Dax had to nod. "That they can." She looked at Jake's pensive face and asked, her tone light, "So when's the next date?"

"There won't be any. It wasn't really what I expected." Dax remained silent and Jake turned to her. She looked at him encouragingly and he asked, "Have you ever—I mean—have you ever felt really young, and at the same time really, really old?"

"Yes, I have," she told him honestly.

"Have you ever sometimes suddenly known something, but not known how you'd figured it out?"

"Yes, I have."

He persisted, "Have you ever felt like, maybe, somebody else was speaking through you?"

She gave him an understanding smile. "Yes, I have."

His face worked as he considered her answers, and he changed the subject. "Well, anyway, I think—I'll stick with people my own age." He sighed and added ruefully, "Whenever they show up at the station."

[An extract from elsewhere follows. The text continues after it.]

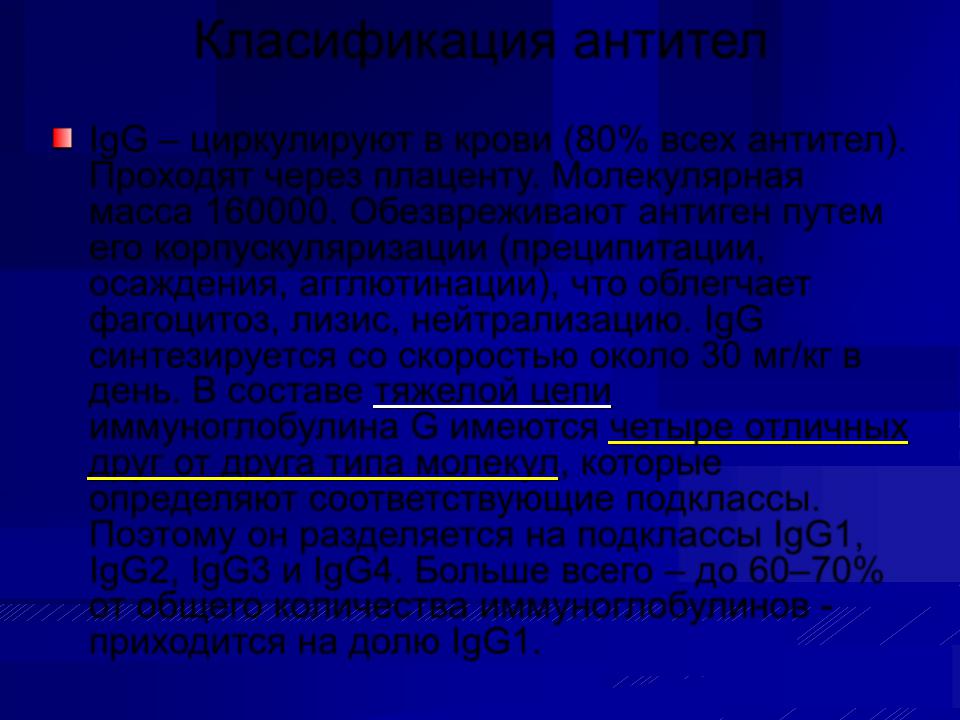 IgG – циркулируют в крови (80% всех антител). Проходят через плаценту. Молекулярная масса 160000. Обезвреживают антиген путем его корпускуляризации (преципитации, осаждения, агглютинации), что облегчает фагоцитоз, лизис, нейтрализацию. IgG синтезируется со скоростью около 30 мг/кг в день. В составе тяжелой цепи иммуноглобулина G имеются четыре отличных друг от друга типа молекул, которые определяют соответствующие подклассы. Поэтому он разделяется на подклассы IgG1, IgG2, IgG3 и IgG4. Больше всего – до 60–70%

Dax put out a hand to Jake's shoulder in immediate sympathy. To her surprise Jake leaned towards her, wanting the comfort, and Dax put her arm around him.

"They'll come," Dax assured him.

They walked in companionable silence until they reached Jake's quarters. Dax released him and they stood looking at each other at the door.

"You think my dad's waiting up for me?" Jake asked.

The Trill shook her head. "He trusts you. I think he was the only one who wasn't following you tonight."

"You weren't either," he pointed out.

"I know." She turned to go.

"Dax?"

"Yes?"

He hesitated, then said sincerely, "Thanks for trusting me, too."

Dax smiled at him. "You've earned it. Good night."

"Good night—Aunt Jadzia. Thanks."

The Trill's smile turned into a full-scale grin as she looked into the young Human's eyes. "You're welcome," she said warmly.

Jake keyed the door open and peeked inside. As Dax had predicted, Benjamin Sisko wasn't waiting up. Jake gave Dax a sheepish grin and went inside. Dax clasped her hands behind her back and continued down the corridor.

Dax knew why Ben could sleep so soundly. It was because he knew that a certain Trill lieutenant would get all the information he needed about the evening out of a certain Bajoran major. Dax, a smile on her face, walked towards her appointment with the Paragon of Virtue.